*EXCERPTED RECORDS:*
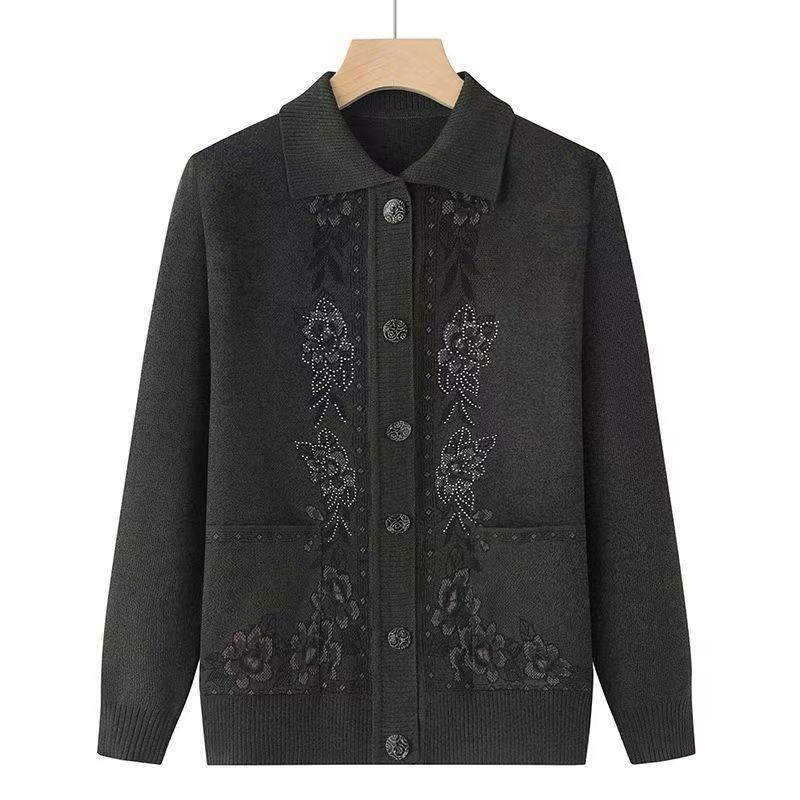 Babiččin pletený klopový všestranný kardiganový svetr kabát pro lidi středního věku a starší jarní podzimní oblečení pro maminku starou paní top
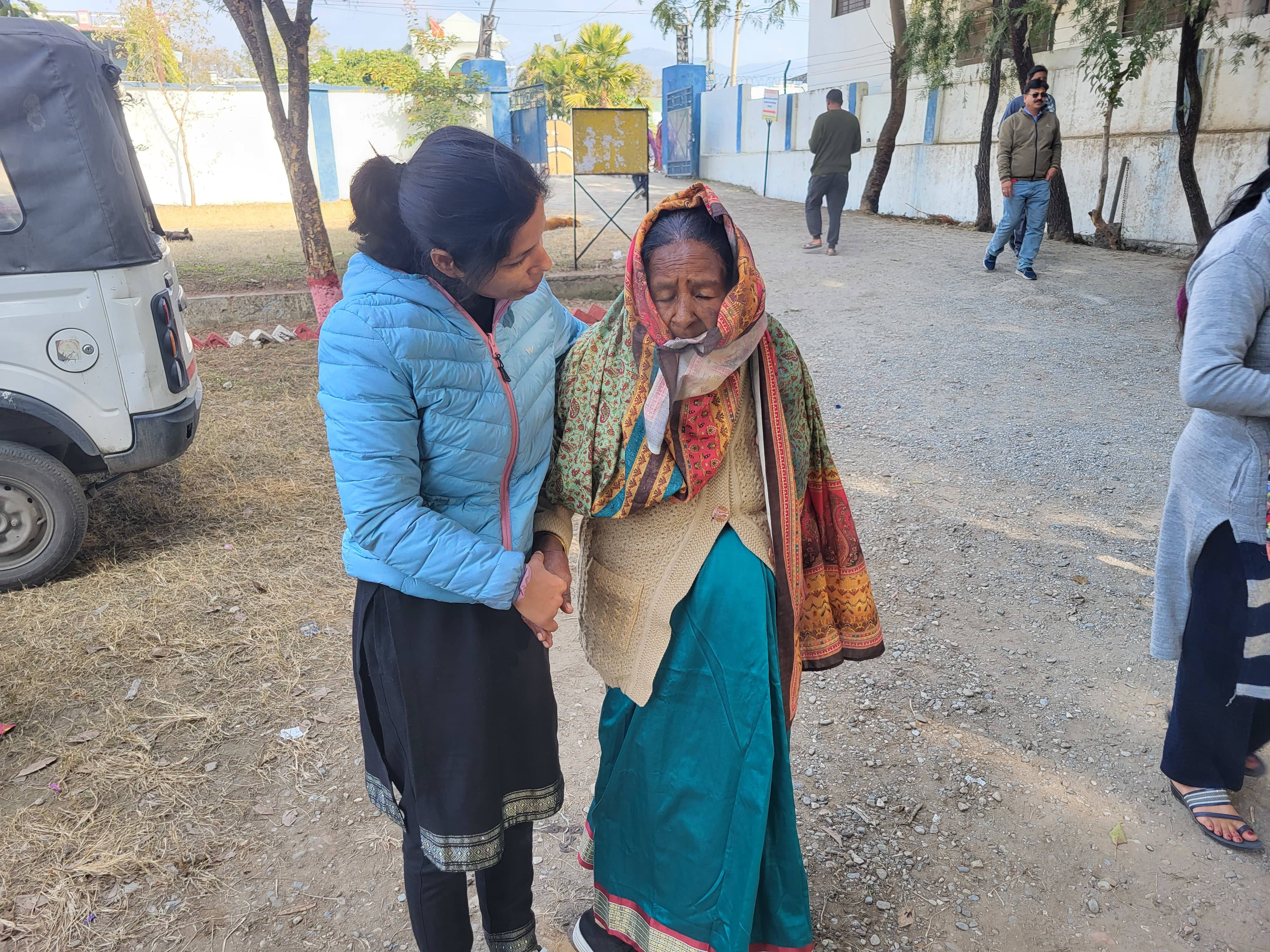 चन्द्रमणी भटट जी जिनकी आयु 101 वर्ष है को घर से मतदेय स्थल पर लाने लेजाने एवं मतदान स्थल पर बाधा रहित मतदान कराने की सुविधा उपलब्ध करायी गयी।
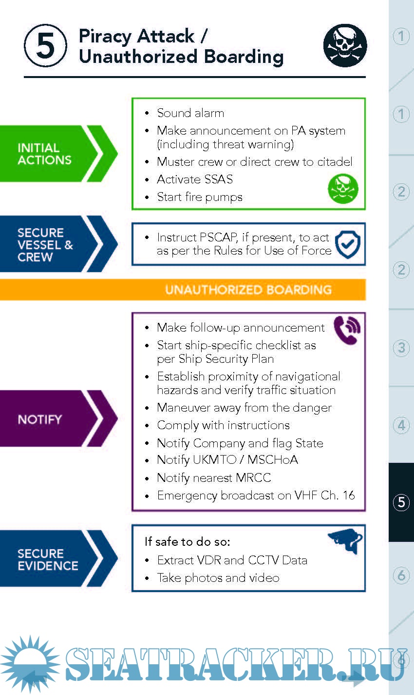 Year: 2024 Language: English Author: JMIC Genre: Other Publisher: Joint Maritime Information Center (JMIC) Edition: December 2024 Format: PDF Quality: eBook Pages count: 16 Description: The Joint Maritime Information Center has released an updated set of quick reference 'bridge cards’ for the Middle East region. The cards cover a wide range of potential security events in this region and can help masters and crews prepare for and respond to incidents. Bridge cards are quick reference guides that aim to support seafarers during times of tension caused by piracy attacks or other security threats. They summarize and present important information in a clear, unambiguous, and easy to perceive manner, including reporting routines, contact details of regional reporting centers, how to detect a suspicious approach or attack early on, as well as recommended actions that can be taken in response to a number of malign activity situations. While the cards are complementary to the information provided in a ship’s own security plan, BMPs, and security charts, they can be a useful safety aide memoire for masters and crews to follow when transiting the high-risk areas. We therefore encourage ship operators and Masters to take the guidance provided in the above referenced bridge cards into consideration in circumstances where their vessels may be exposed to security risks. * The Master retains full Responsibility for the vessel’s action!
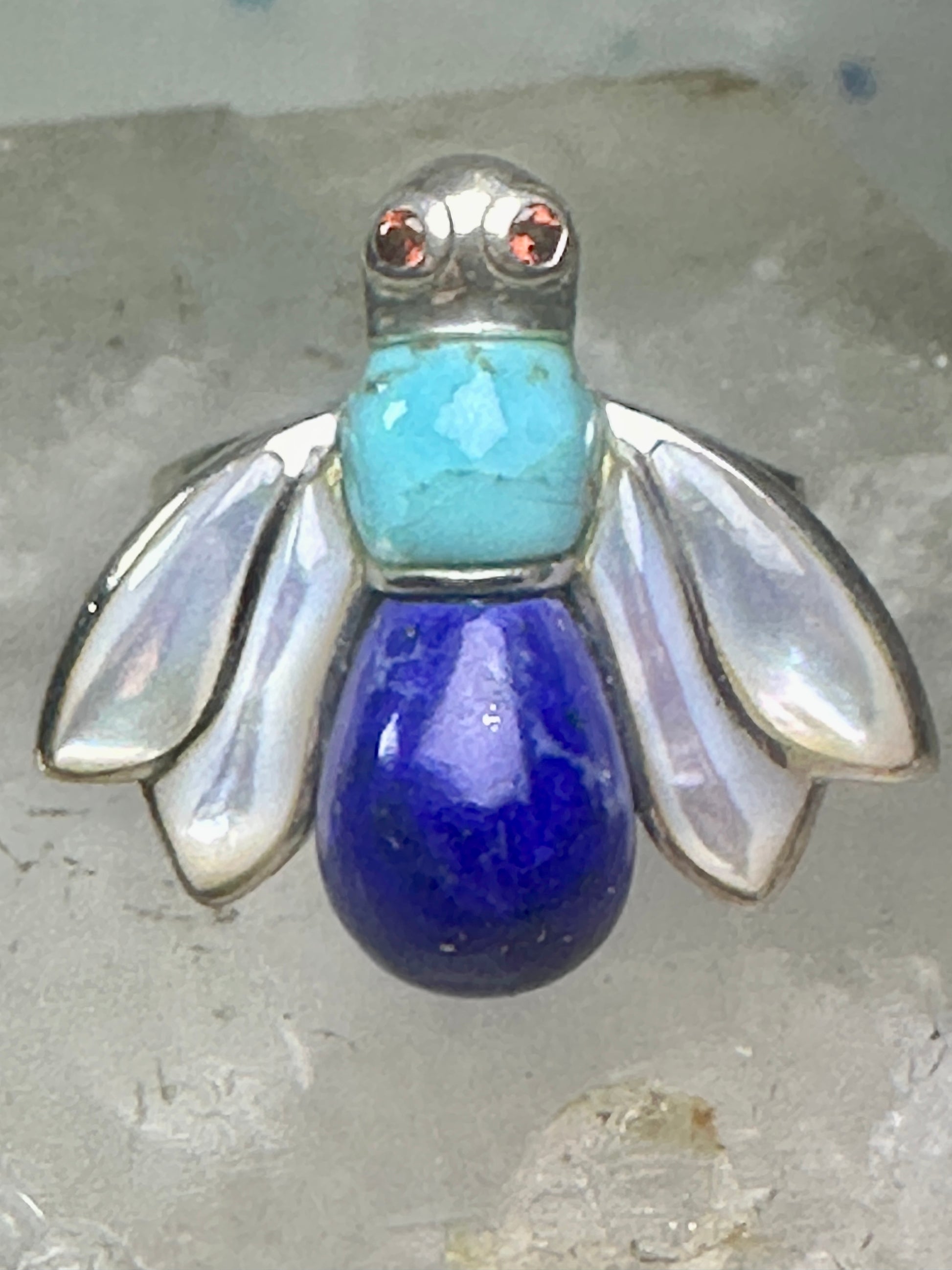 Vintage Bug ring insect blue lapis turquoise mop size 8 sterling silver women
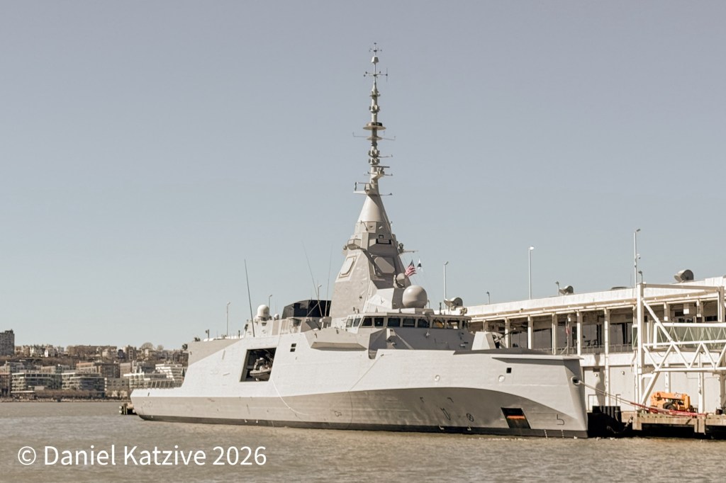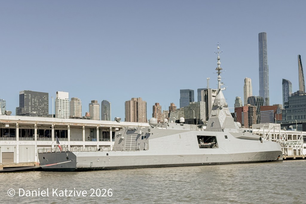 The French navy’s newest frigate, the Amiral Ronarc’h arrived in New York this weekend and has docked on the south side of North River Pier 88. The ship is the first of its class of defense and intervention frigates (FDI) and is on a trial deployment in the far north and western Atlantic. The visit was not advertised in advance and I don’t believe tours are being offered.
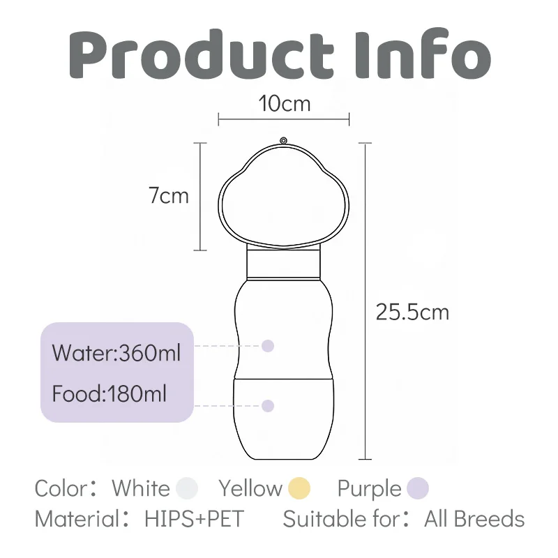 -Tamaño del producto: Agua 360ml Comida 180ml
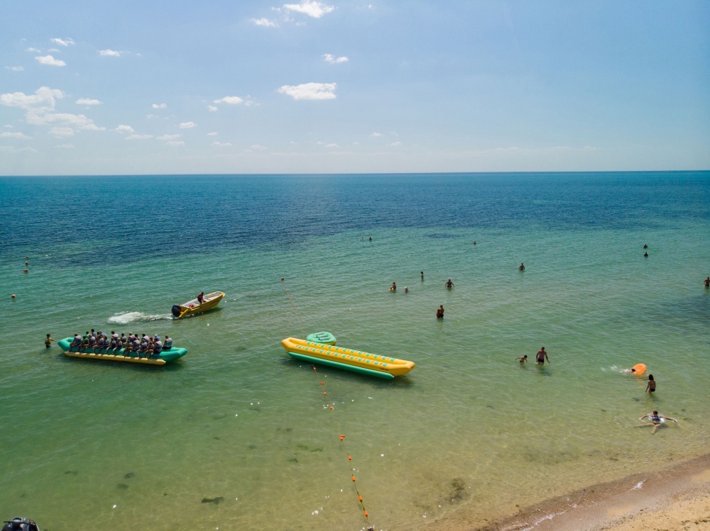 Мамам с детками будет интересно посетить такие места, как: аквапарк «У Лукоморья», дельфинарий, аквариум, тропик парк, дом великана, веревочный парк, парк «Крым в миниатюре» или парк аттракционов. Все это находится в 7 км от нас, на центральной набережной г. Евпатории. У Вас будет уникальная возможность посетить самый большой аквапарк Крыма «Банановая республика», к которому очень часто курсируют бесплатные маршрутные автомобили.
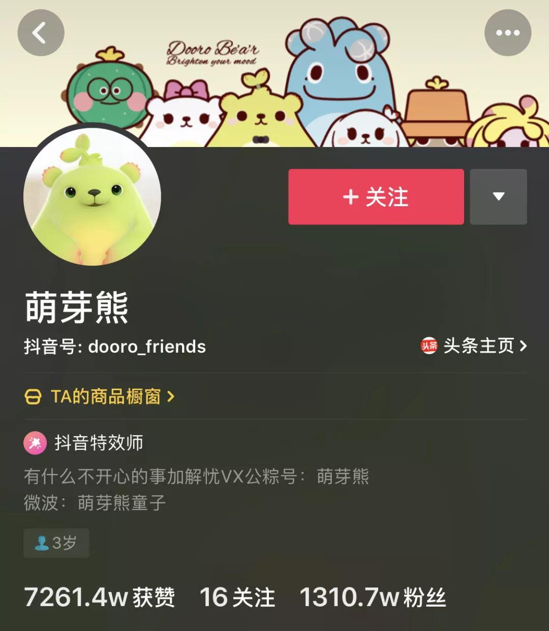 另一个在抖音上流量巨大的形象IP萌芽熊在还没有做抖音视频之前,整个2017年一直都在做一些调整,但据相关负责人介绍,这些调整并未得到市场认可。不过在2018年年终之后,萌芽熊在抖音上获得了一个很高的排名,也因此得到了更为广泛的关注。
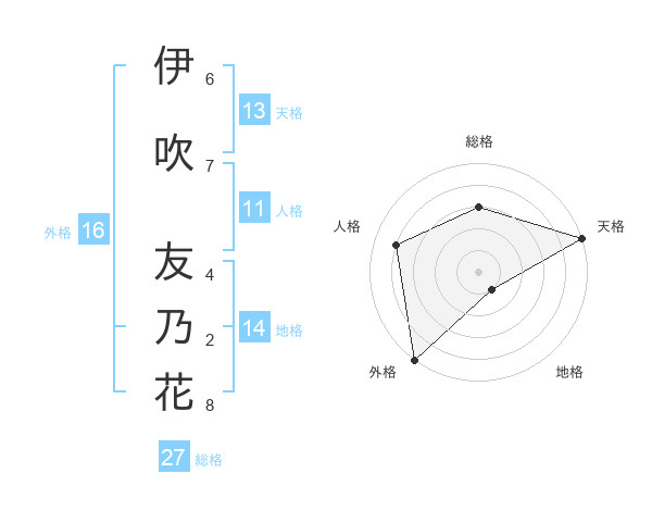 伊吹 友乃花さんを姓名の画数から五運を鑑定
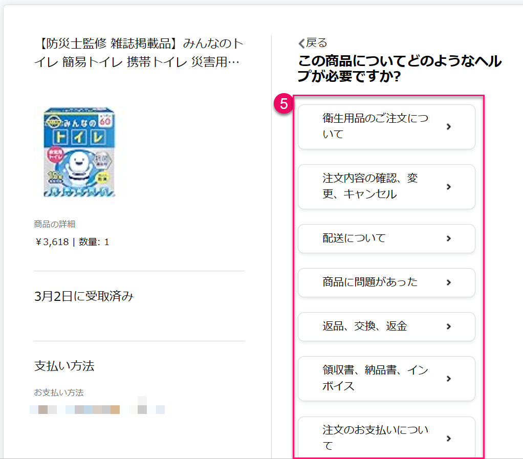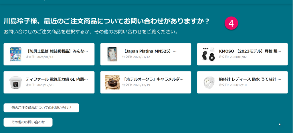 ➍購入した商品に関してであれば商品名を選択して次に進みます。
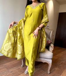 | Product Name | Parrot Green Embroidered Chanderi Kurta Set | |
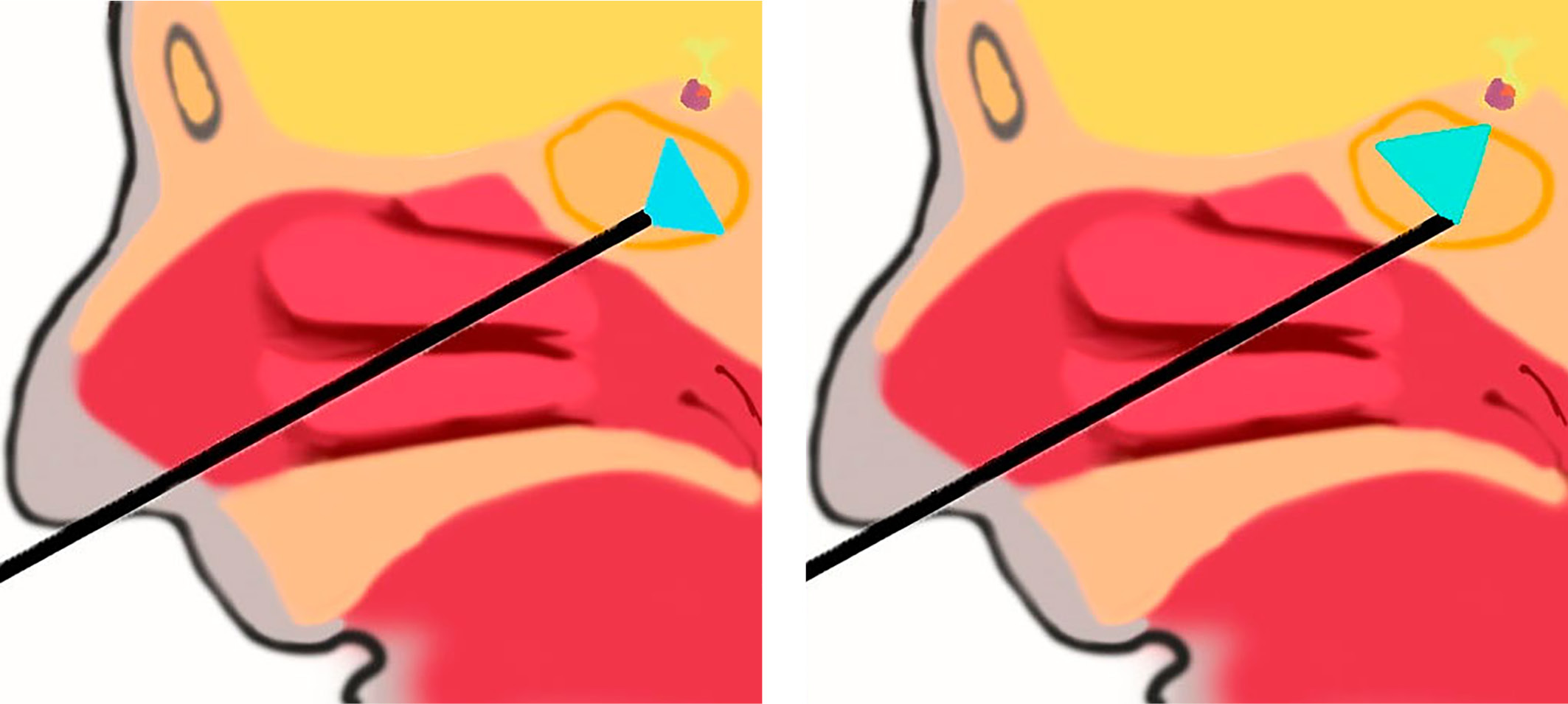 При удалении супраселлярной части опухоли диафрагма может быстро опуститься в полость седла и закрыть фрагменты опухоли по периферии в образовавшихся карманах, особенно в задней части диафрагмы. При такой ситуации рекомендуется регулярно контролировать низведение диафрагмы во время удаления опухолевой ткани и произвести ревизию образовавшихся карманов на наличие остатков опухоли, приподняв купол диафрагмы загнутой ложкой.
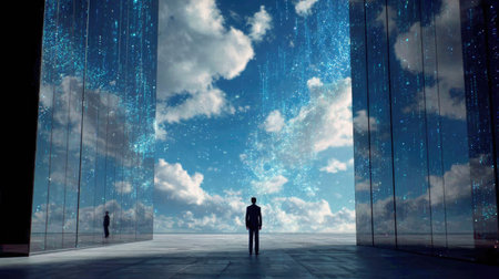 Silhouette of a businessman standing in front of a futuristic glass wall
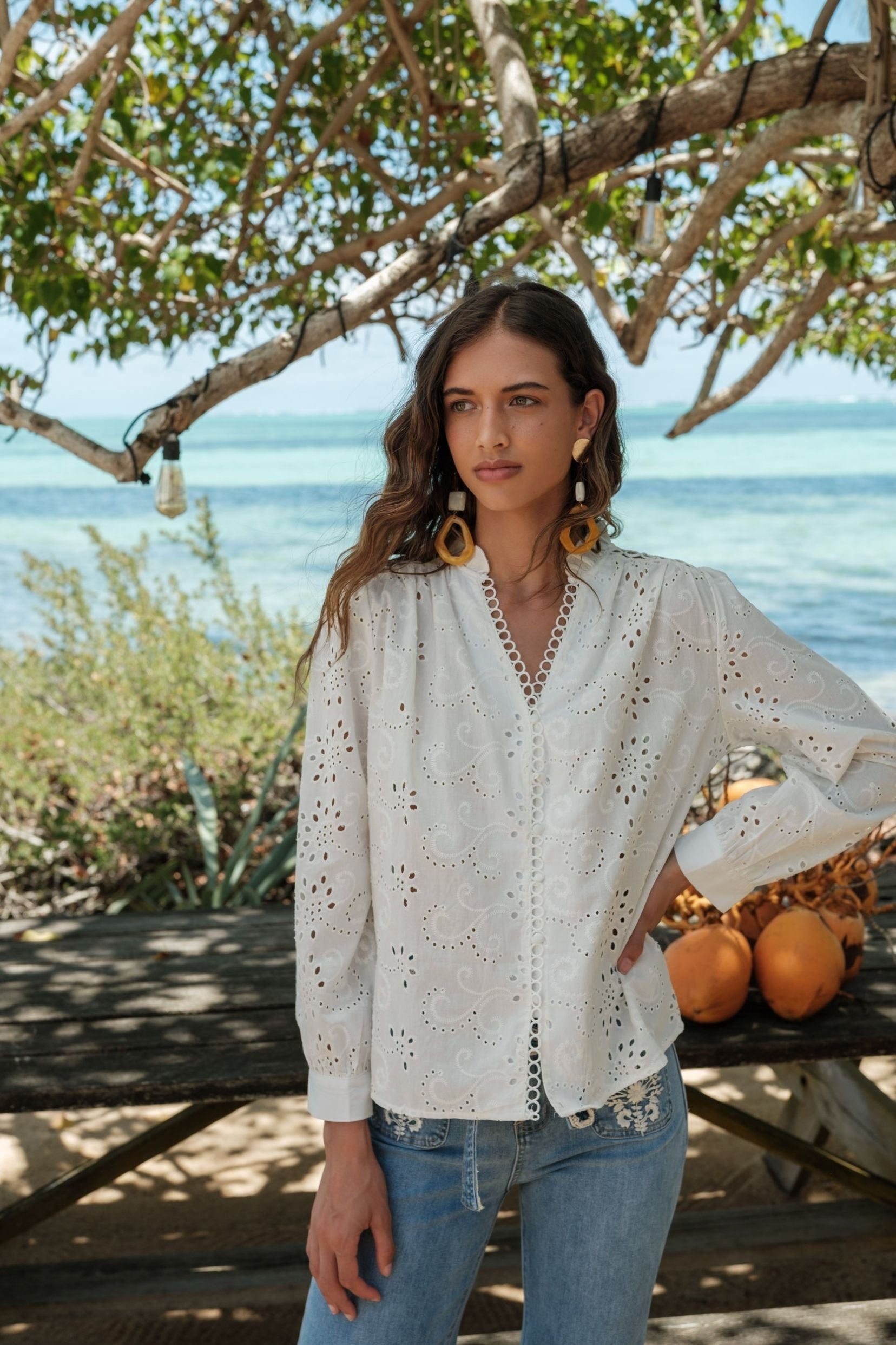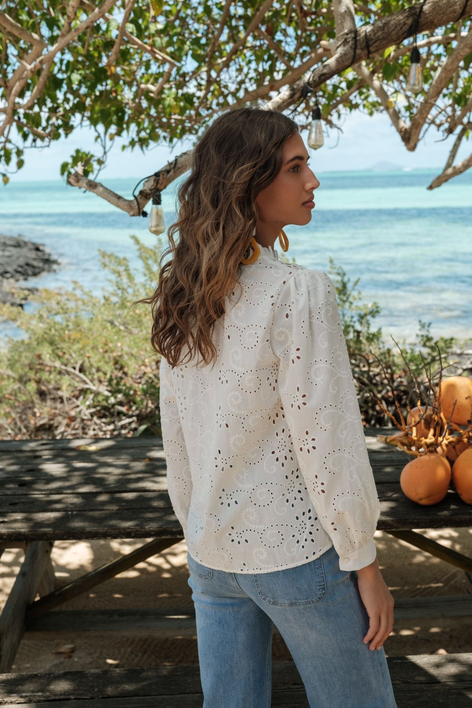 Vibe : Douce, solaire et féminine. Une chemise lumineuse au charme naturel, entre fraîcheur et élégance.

*WORK TO BE COMPLETED:* Output the entries above exactly. Drop the pictures.

*EXERCISE RESPONSE:*
 Babiččin pletený klopový všestranný kardiganový svetr kabát pro lidi středního věku a starší jarní podzimní oblečení pro maminku starou paní top
 चन्द्रमणी भटट जी जिनकी आयु 101 वर्ष है को घर से मतदेय स्थल पर लाने लेजाने एवं मतदान स्थल पर बाधा रहित मतदान कराने की सुविधा उपलब्ध करायी गयी।
 Year: 2024 Language: English Author: JMIC Genre: Other Publisher: Joint Maritime Information Center (JMIC) Edition: December 2024 Format: PDF Quality: eBook Pages count: 16 Description: The Joint Maritime Information Center has released an updated set of quick reference 'bridge cards’ for the Middle East region. The cards cover a wide range of potential security events in this region and can help masters and crews prepare for and respond to incidents. Bridge cards are quick reference guides that aim to support seafarers during times of tension caused by piracy attacks or other security threats. They summarize and present important information in a clear, unambiguous, and easy to perceive manner, including reporting routines, contact details of regional reporting centers, how to detect a suspicious approach or attack early on, as well as recommended actions that can be taken in response to a number of malign activity situations. While the cards are complementary to the information provided in a ship’s own security plan, BMPs, and security charts, they can be a useful safety aide memoire for masters and crews to follow when transiting the high-risk areas. We therefore encourage ship operators and Masters to take the guidance provided in the above referenced bridge cards into consideration in circumstances where their vessels may be exposed to security risks. * The Master retains full Responsibility for the vessel’s action!
 Vintage Bug ring insect blue lapis turquoise mop size 8 sterling silver women
 The French navy’s newest frigate, the Amiral Ronarc’h arrived in New York this weekend and has docked on the south side of North River Pier 88. The ship is the first of its class of defense and intervention frigates (FDI) and is on a trial deployment in the far north and western Atlantic. The visit was not advertised in advance and I don’t believe tours are being offered.
 -Tamaño del producto: Agua 360ml Comida 180ml
 Мамам с детками будет интересно посетить такие места, как: аквапарк «У Лукоморья», дельфинарий, аквариум, тропик парк, дом великана, веревочный парк, парк «Крым в миниатюре» или парк аттракционов. Все это находится в 7 км от нас, на центральной набережной г. Евпатории. У Вас будет уникальная возможность посетить самый большой аквапарк Крыма «Банановая республика», к которому очень часто курсируют бесплатные маршрутные автомобили.
 另一个在抖音上流量巨大的形象IP萌芽熊在还没有做抖音视频之前,整个2017年一直都在做一些调整,但据相关负责人介绍,这些调整并未得到市场认可。不过在2018年年终之后,萌芽熊在抖音上获得了一个很高的排名,也因此得到了更为广泛的关注。
 伊吹 友乃花さんを姓名の画数から五運を鑑定
 ➍購入した商品に関してであれば商品名を選択して次に進みます。
 | Product Name | Parrot Green Embroidered Chanderi Kurta Set | |
 При удалении супраселлярной части опухоли диафрагма может быстро опуститься в полость седла и закрыть фрагменты опухоли по периферии в образовавшихся карманах, особенно в задней части диафрагмы. При такой ситуации рекомендуется регулярно контролировать низведение диафрагмы во время удаления опухолевой ткани и произвести ревизию образовавшихся карманов на наличие остатков опухоли, приподняв купол диафрагмы загнутой ложкой.
 Silhouette of a businessman standing in front of a futuristic glass wall
 Vibe : Douce, solaire et féminine. Une chemise lumineuse au charme naturel, entre fraîcheur et élégance.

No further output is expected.